### Information supplied:

----------------

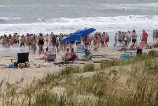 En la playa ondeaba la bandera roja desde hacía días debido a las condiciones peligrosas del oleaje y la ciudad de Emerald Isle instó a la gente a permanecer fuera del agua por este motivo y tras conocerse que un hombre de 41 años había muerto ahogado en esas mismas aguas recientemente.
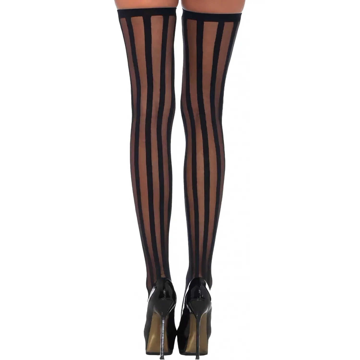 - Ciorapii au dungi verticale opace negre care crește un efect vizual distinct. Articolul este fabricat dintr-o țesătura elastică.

----------------

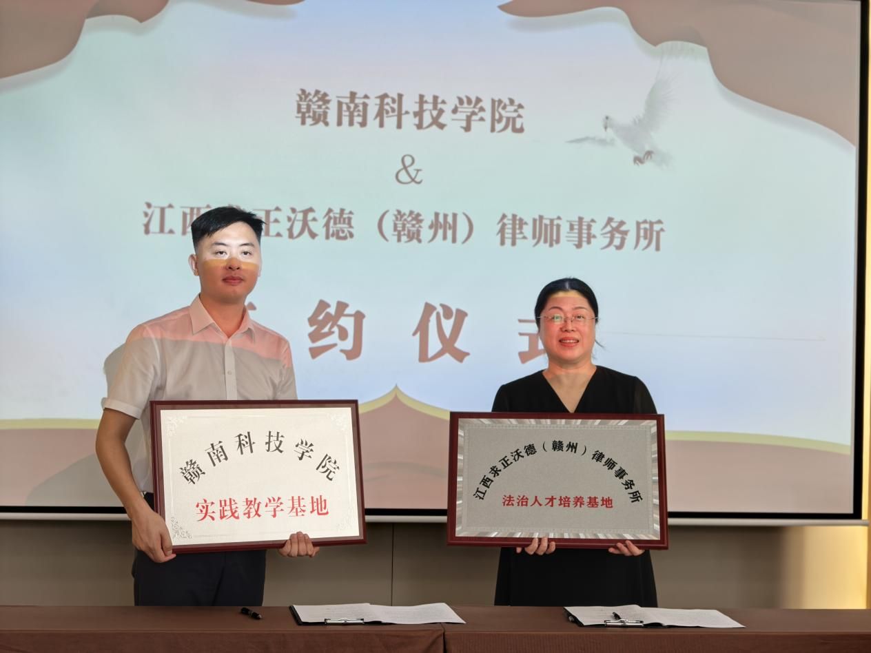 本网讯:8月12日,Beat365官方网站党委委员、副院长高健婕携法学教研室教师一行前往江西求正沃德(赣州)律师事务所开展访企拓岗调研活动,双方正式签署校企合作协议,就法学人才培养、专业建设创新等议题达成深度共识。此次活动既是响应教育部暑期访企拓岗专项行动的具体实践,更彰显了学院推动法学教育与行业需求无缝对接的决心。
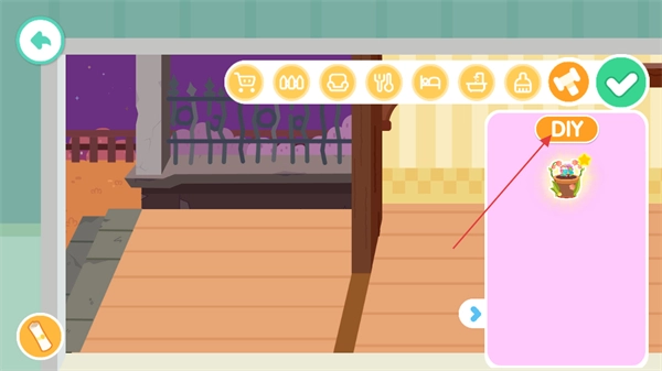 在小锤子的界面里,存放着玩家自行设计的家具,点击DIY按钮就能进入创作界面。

----------------

### Instructions for the task:
Using the data above, transcribe exactly the lines between those containing "En la playa" and "- Ciorapii au", inclusive, and leave every picture behind.

### Answer below:
 En la playa ondeaba la bandera roja desde hacía días debido a las condiciones peligrosas del oleaje y la ciudad de Emerald Isle instó a la gente a permanecer fuera del agua por este motivo y tras conocerse que un hombre de 41 años había muerto ahogado en esas mismas aguas recientemente.
 - Ciorapii au dungi verticale opace negre care crește un efect vizual distinct. Articolul este fabricat dintr-o țesătura elastică.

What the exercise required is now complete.